Risk and protective factors for severe COVID-19 infection in a cohort of patients with sickle cell disease

Abstract

Continued investigation of comorbid conditions that increase the mortality rate of COVID-19 is necessary to provide the best care for those affected. This continued push to find answers is even more important for populations with COVID-19 comorbidities that are historically under-researched. We performed a retrospective analysis of 30 patients with sickle cell disease (SCD) who tested positive for the COVID-19 virus. An analysis of each patient’s history of SCD complications, hydroxyurea usage, comorbidities, and several other factors was performed to identify the trends that will allow the practitioners to better predict the outcomes of patients with SCD before and during hospitalization for COVID-19. Through these analyses, we found that patients receiving hydroxyurea before COVID-19 infection and patients with SCD-type HbSC had significantly milder COVID-19 disease courses than those not receiving hydroxyurea or with SCD-type HbSS. A history of acute chest syndrome (ACS), a complication seen in patients with SCD, appeared to be associated with a more severe COVID-19 disease course.

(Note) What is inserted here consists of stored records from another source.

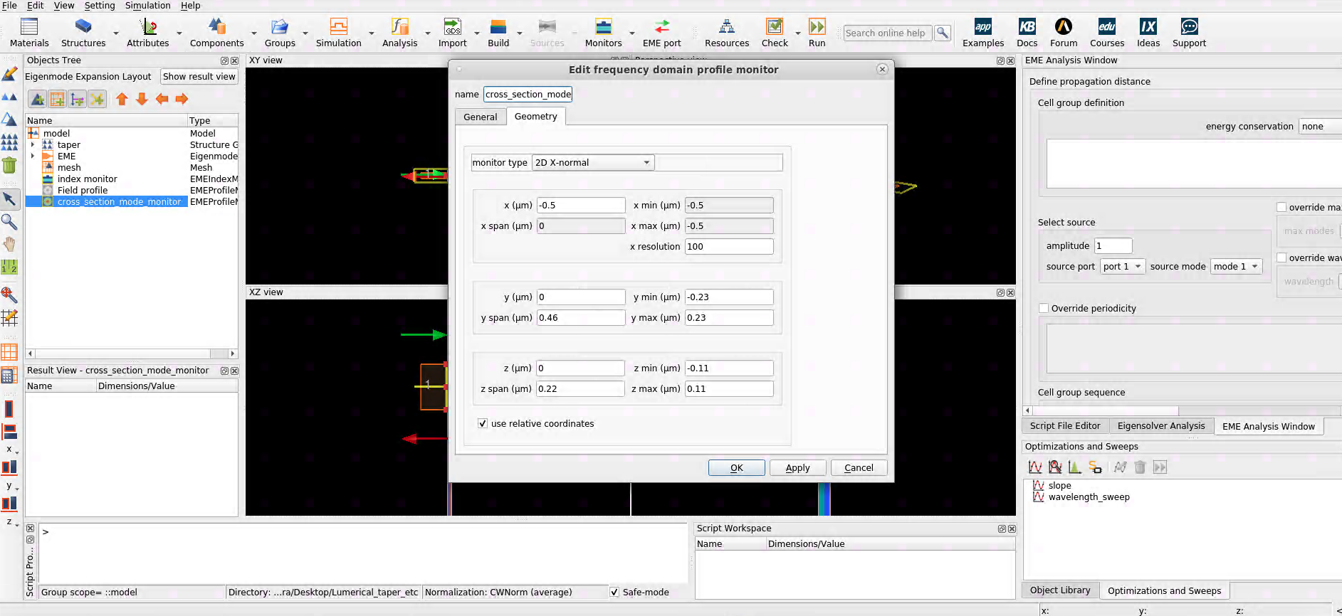 However, I noticed that when I move my YZ monitor to the right of x = 0 (for example to x = +0.5) and re-ran eme propagate, the monitor updated with results and I could visualize the mode. I do not understand why the monitor failed to update with results when it was to the left of x = 0, but updated with results when placed to the right of x=0. The location of the monitor along the waveguide taper should not matter, correct?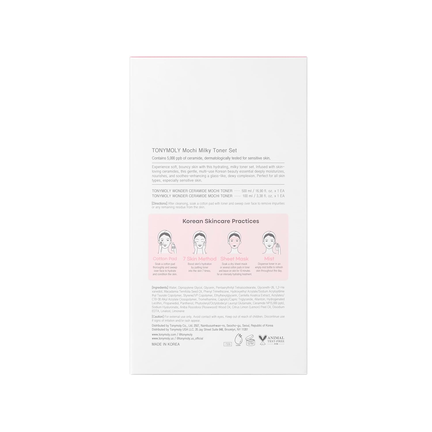 TONYMOLY Mochi Milky Toner Set – Hydrating Korean Toner with Ceramide, Cica, Panthenol & Hyaluronic Acid – Strengthens Skin Barrier, Soothes & Moisturizes – 500ml + 100ml Travel Size Duo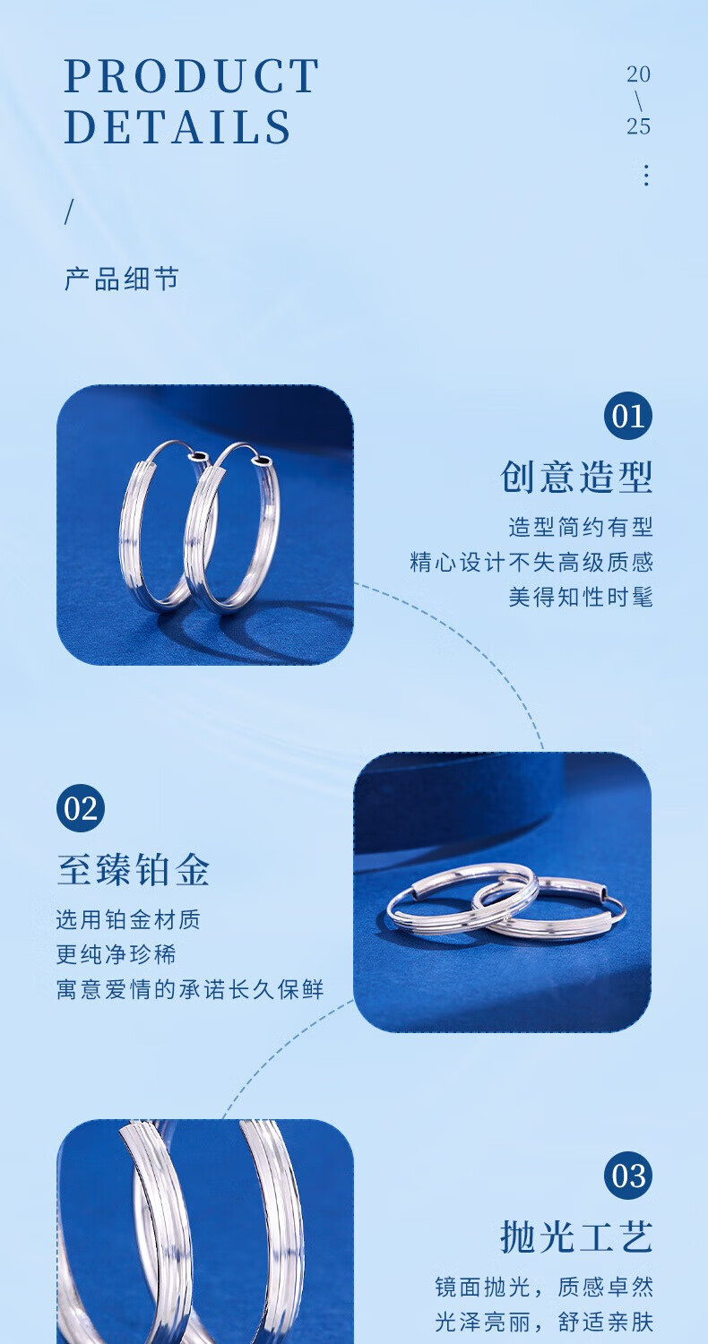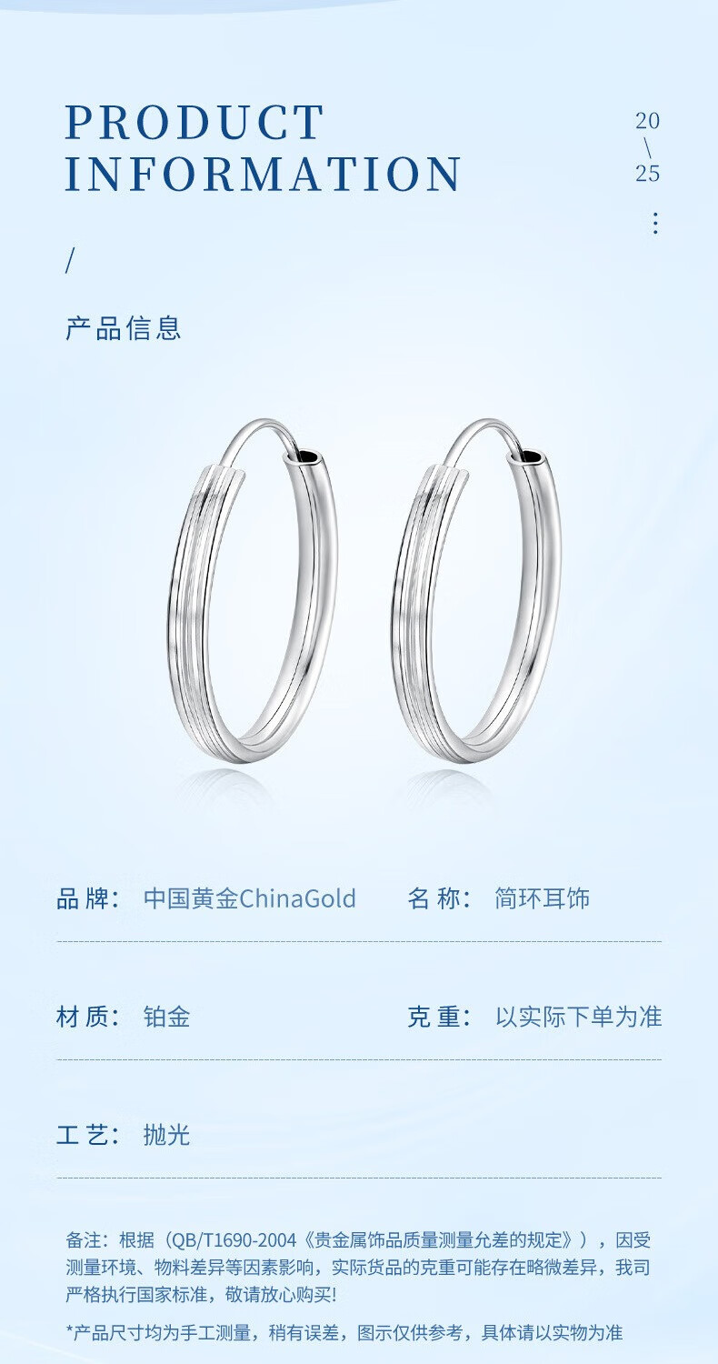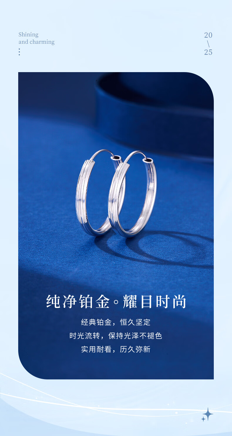 CHINA GOLD PT950 platinum plain earrings for women, new platinum earrings, Valentine's Day birthday gift for girlfriend, platinum plain earrings, one pair, about 4.5g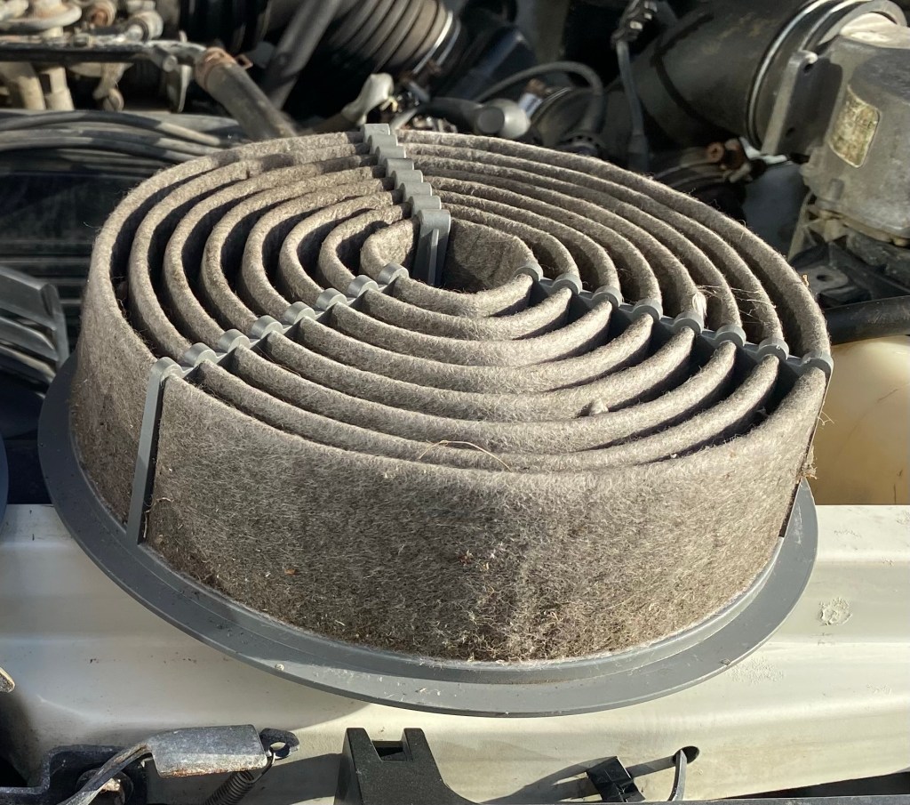 Pulling the old one out, I wondered if any Air was actually getting through it, the Air Filter looked like the Hoover Bag from a Student House.

By creating systems to better interpret what makes a patient with SCD at high risk for a poor prognosis, practitioners are better equipped to make data-supported recommendations for prevention, risk, and treatment. These recommendations should include beginning or maintaining hydroxyurea usage in all qualifying patients with SCD, advising patients with a history of ACS to take extra precautions to prevent initial COVID-19 infection, and initiating close monitoring in the hospital for patients with HbSS and a history of ACS.